Dann ging die Familie nach Weimar, wo sie von Goethe mit der grössten Herzlichkeit aufgenommen wurde. Die Mutter berichtet darüber: »An Goethe's und Schopenhauer's machten wir herrliche, unvergessliche Bekanntschaften. Mit inniger Mutterfreude sah ich, dass Felix sich unter den vorzüglichen Menschen ungemein beliebt gemacht hatte, und gerne verdanken ihm die glücklichen Eltern die ausgezeichnete Güte, mit der sie aufgenommen wurden. – Da er gewöhnliche Musikkunst nicht liebt, war sein Piano seit Felix Abwesenheit unberührt geblieben, und er öffnete es ihm mit den Worten: ›Komm und wecke mir all die geflügelten Geister, die lange darin geschlummert.‹«

»Und ein andermal: ›Du bist mein David, sollte ich krank und traurig werden, so banne die bösen Träume durch dein Spiel, ich werde auch nie wie Saul den Speer nach dir werfen.‹«

Nach der Rückkehr in's Elternhaus begannen die Kinder mit dem regsten Eifer wieder ihre Studien, und besonders auf Felix war der Eindruck der Reise ein ungewöhnlicher geworden. »Die Wirkungen der Reise«, schreibt Fanny, »äusserten sich bei Felix unverzüglich nach unserer Zurückkunft. Er war bedeutend grösser [31] und stärker geworden. Züge und der Ausdruck des Gesichts hatten sich mit unglaublicher Schnelligkeit entwickelt und die veränderte Haartracht (man hatte ihm seine schönen langen Locken abgeschnitten) trug nicht wenig dazu bei, sein Ansehen zu entfremden. Das schöne Kindergesicht war verschwunden, seine Gestalt hatte etwas Männliches angenommen, das ihn auch sehr gut kleidete.« Felix war inzwischen auch confirmirt worden.

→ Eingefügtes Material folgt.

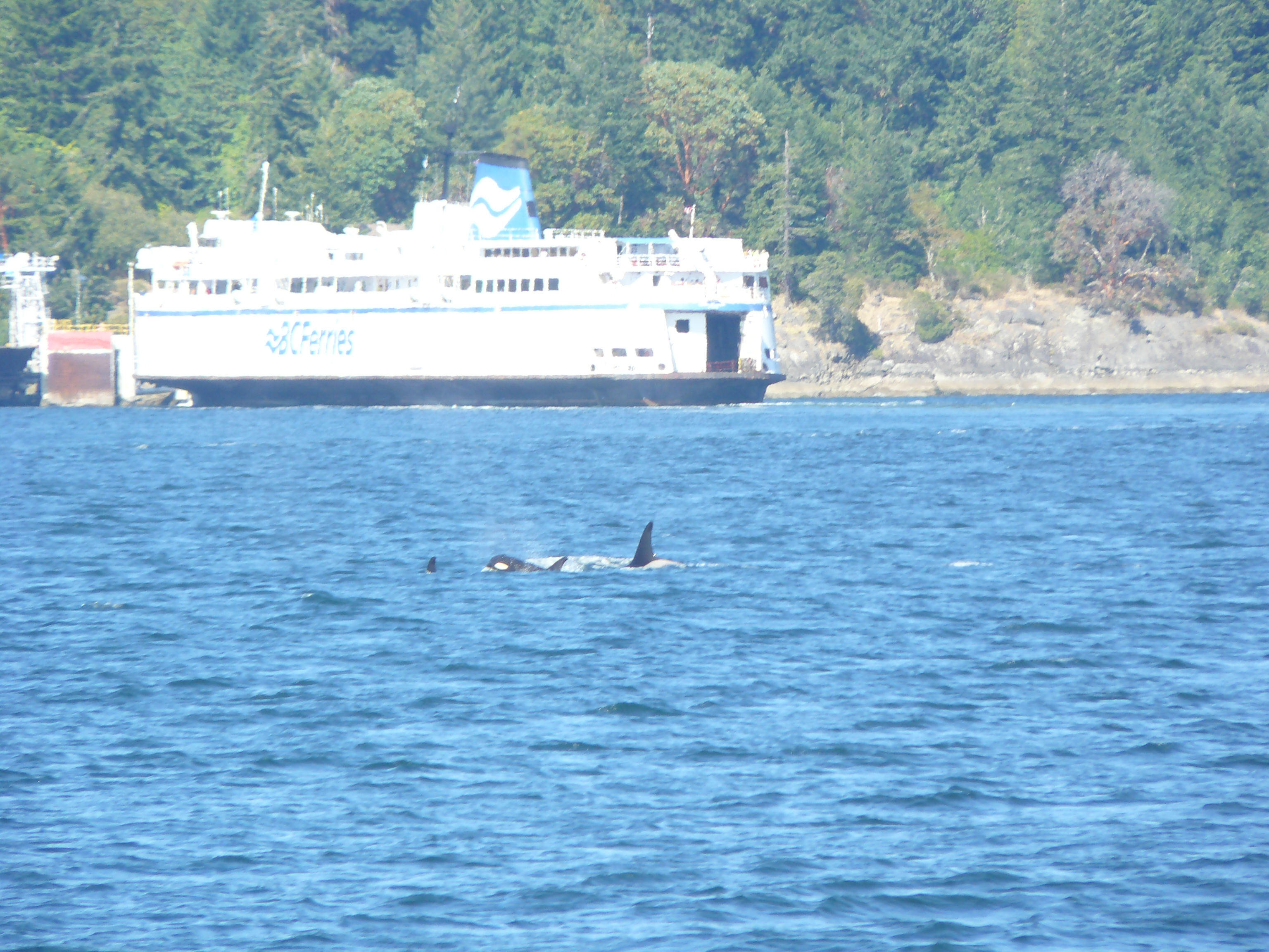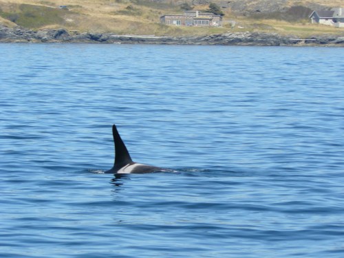 One of our trips took us to Canada, North Pender Island, where we found some J-Pod orcas, cruising right along the shore at Moat Point. There was a strong flooding tide they were using toward Active Pass. They showed how well their echolocation works to maneuver ships, ferries, boats, and docks, through some narrow areas!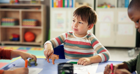 Creative, toy and drawing with boy in classroom for child development, artwork and youth. Students, academy and growth with kids playing with plastic animal for knowledge, learning and education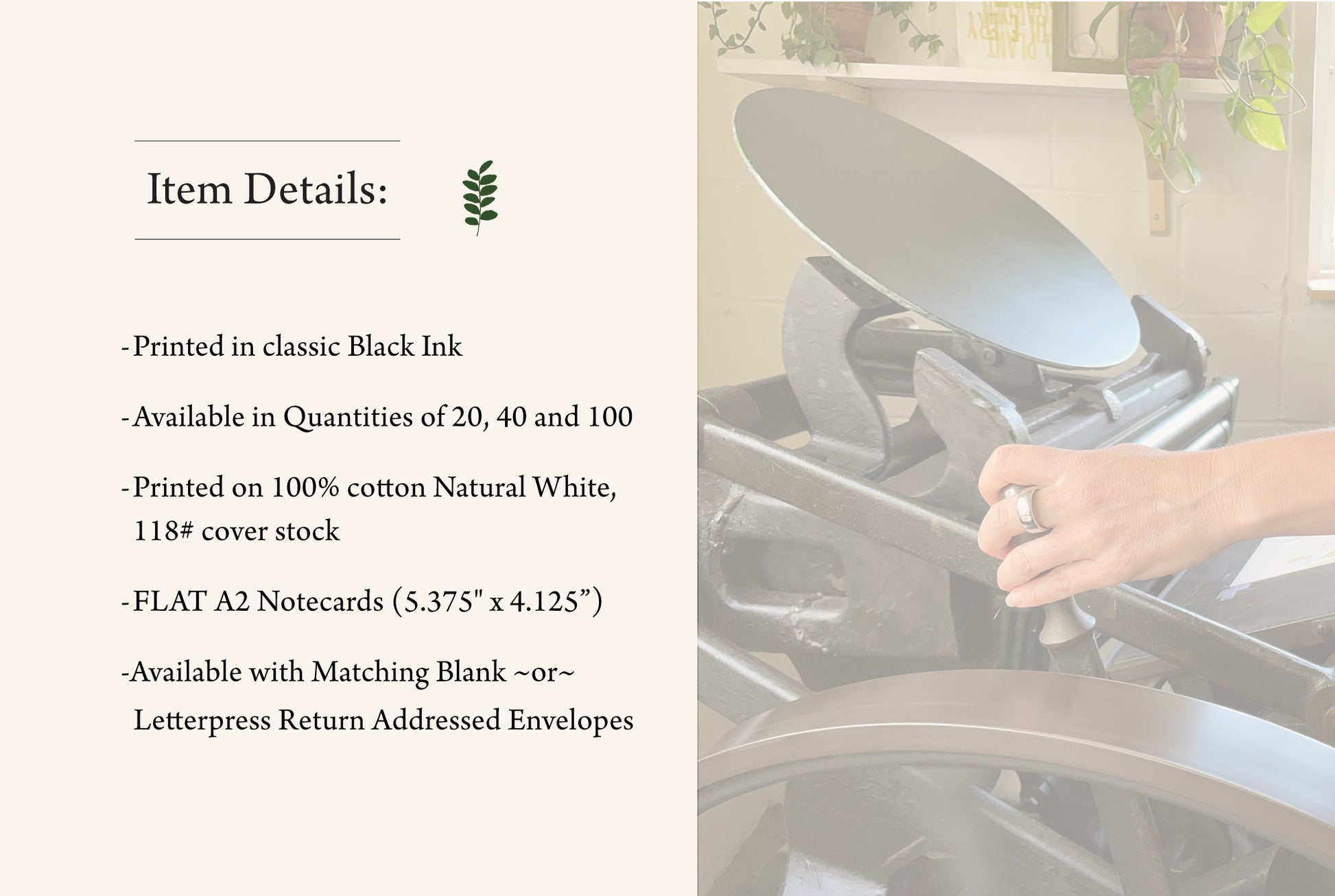 Personalized Letterpress Stationery in a stylish script font, hand-crafted on a 19th century printing press. Each set of notes is meticulously printed on high-quality, 100% recycled cotton paper using traditional letterpress techniques.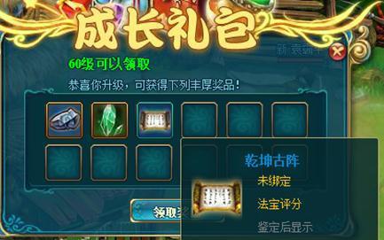 玩家等级达到60级后,可在60级等级礼包中获得第一个灵宝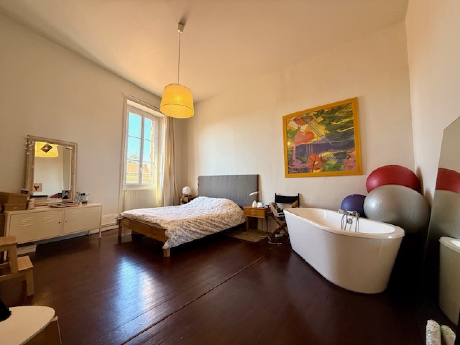 CO-EXCLUSIVITÉ, ROMANS, En hyper centre-ville. Au 2ème et 3ème étage d'une maison bourgeoise, (copropriété de 5 lots principaux). Deux beaux APPARTEMENTS dont un avec une TERRASSE TROPEZIENNE. Un premier appartement de type 4 d'une surface de 129.68 m² au sol (128.79 Carrez), avec de belle hauteur sous plafond, des planchers + cheminée, comprenant un séjour / salon de 40 m² environ, une lumineuse cuisine équipée / salle à manger de plus de 16m², trois chambres dont une avec dressing et une avec baignoire, une salle d'eau aménagée, un wc. Un second appartement de type studio (Kitchenette à réaliser), d'une surface de 42.32 m² au sol (32.79 Carrez) une belle pièce de vie mansardée avec une charpente apparente donnant sur une jolie TERRASSE exposée Sud Ouest de 15 m² environ et une salle d'eau aménagée avec un wc. (Possibilité de réunir les deux appartements). De plus, une CAVE. Charges 1350 € /An. DPE & GES C (152-23) - Montants estimés des dépenses annuelle d'énergie pour un usage standard entre 1672 et 2262 € (prix moyens indexés en 2021). Prix : 219 000 € Honoraires Charge Vendeur. Immobilier de Pauline 04 75 47 67 29.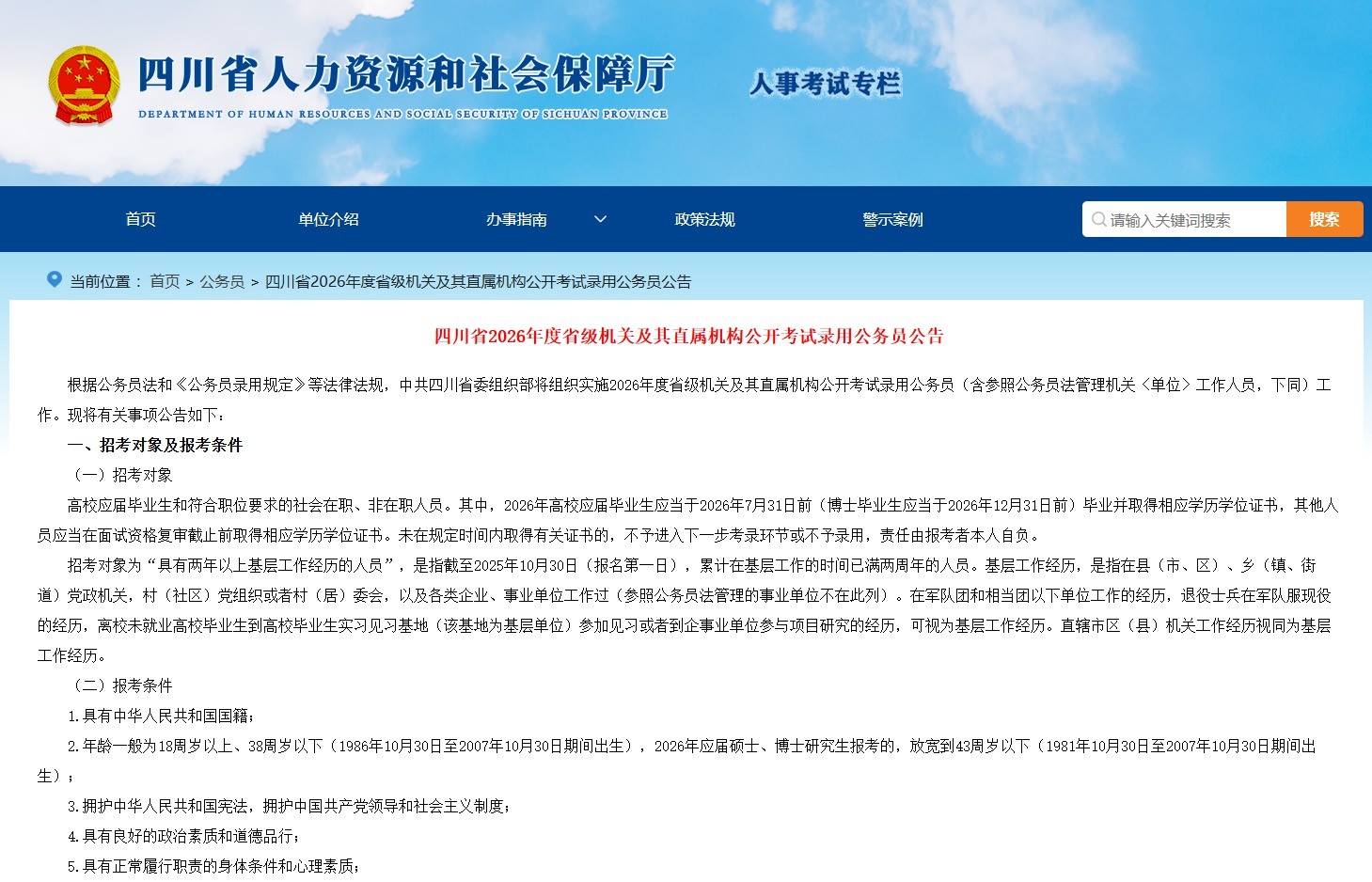 四川省2026年度省级机关及其直属机构公开考试录用公务员公告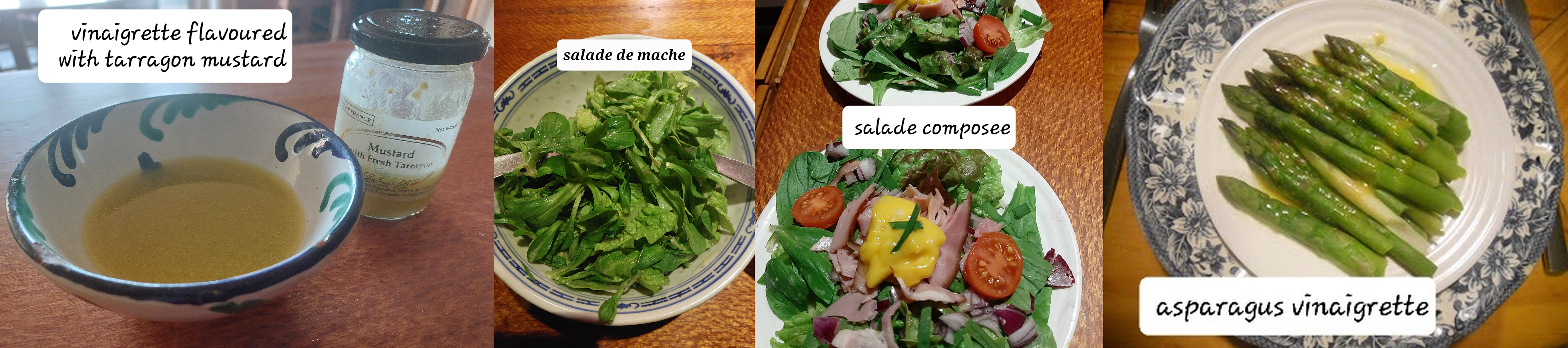 Salads and cold vegs: Before I forget, here’s the recipe for vinaigrette, that lovely tangy dressing the French use in pretty much all salads, from the most basic tossing of lettuce to the most elaborate mix. The basic one is just virgin olive oil mixed with red or white wine vinegar, salt, pepper, and a little mustard(you can use basic Dijon mustard, or those with added herbs, wine, etc). Obviously you have more oil than vinegar 😊 it’s like 2 or 3 parts oil with one part vinegar. It’s got to taste tangy, not oily though. Sylvie also includes a little grated garlic and chopped tarragon in hers, when tarragon is in season that is. Otherwise she uses tarragon mustard. Salads by the way are an indispensable part of the French meal, from the simplest green salad(which usually would be served after the main course, as a kind of ‘palate cleanser’ between the main course and the cheese and/or dessert) to elaborate ones which might be served as an entrée or as a single lunch dish. But there’s also other cold veg dishes with vinaigrette which are popular.

Unterm 11. März 1823 schreibt dann Zelter an Goethe: »Mein Felix hat sein fünfzehntes Jahr angetreten. Er wächst unter meinen Augen. Sein erstaunliches Clavierspiel darf ich gerne als nebenher ansehen. Auf der Violine kann er gleichfalls Meister werden. Von seiner vierten Oper ist der zweite Act fertig. Alles gewinnt Gediegenheit, kaum fehlt noch Stärke und Macht; alles kommt von Innen und das Aeusserliche seiner Zeit berührt ihn auch nur äusserlich. Denke Dir meine Freude, wenn wir erleben, dass der Knabe lebt und erfüllt, was seine Unschuld verspricht« und unterm 8. Febr. 1824 meldet er an Goethe: »Gestern ist Felixens vierte Oper vollständig nebst Dialog unter uns aufgeführt worden.«

Seit 1820 waren in gleicher Weise drei einaktige Opern von ihm: »Die beiden Pädagogen« – »Soldatenliebschaft« und »Die wandernden Comödianten« im Elternhause zur Aufführung gelangt. Die Texte hatten einen jungen Arzt – Dr. Caspar, nachmals Geheimer Medizinalrath – zum Verfasser. Ueber die vierte »Der Onkel aus Boston« berichtet Zelter weiter: »Es sind drei Acte, die nebst zwei Balleten etwa drittehalb Stunden füllen. Das Werk hat seinen hübschen Beifall gefunden. Von meiner schwachen Seite kann ich meiner Bewunderung kaum Herr werden, wie der Knabe, der soeben 15 Jahre geworden ist, mit so grossen Schritten fortgeht. Neues, Eigenes, Ganzeigenes ist über all zu finden. Geist, Fluss, Ruhe, Wohlklang, Ganzheit, Dramatisches. Das Massenhafte wie von erfahrenen Händen, Orchester interessant; nicht erdrückend, ermüdend; nicht blos begleitend. Die Musici spielen es gern und ist doch eben nicht leicht. Das Bekannte kommt und geht vorüber, nicht wie genommen, vielmehr an seiner Stelle willkommen und zugehörig. Munterkeit, [32] Jubel, ohne Hast, Zärtlichkeit, Zierlichkeit, Liebe, Leidenschaft, Unschuld.«

Nach der ersten Orchesterprobe veranstaltete Zelter eine eigenthümliche Feier. Als bei dem nachfolgenden Abendessen einer der mitwirkenden Dilettanten des jungen Componisten Gesundheit ausbrachte, nahm Zelter diesen bei der Hand und sprach: »Mein lieber Sohn, von heute ab bist du kein Junge mehr, von heute an bist du Geselle. Ich mache dich zum Gesellen im Namen Mozart's, im Namen Haydn's und im Namen des alten Bach's« und darauf herzte und küsste er ihn. In der Zelterschen Liedertafel wurde dann diese Gesellensprechung noch ganz besonders gefeiert.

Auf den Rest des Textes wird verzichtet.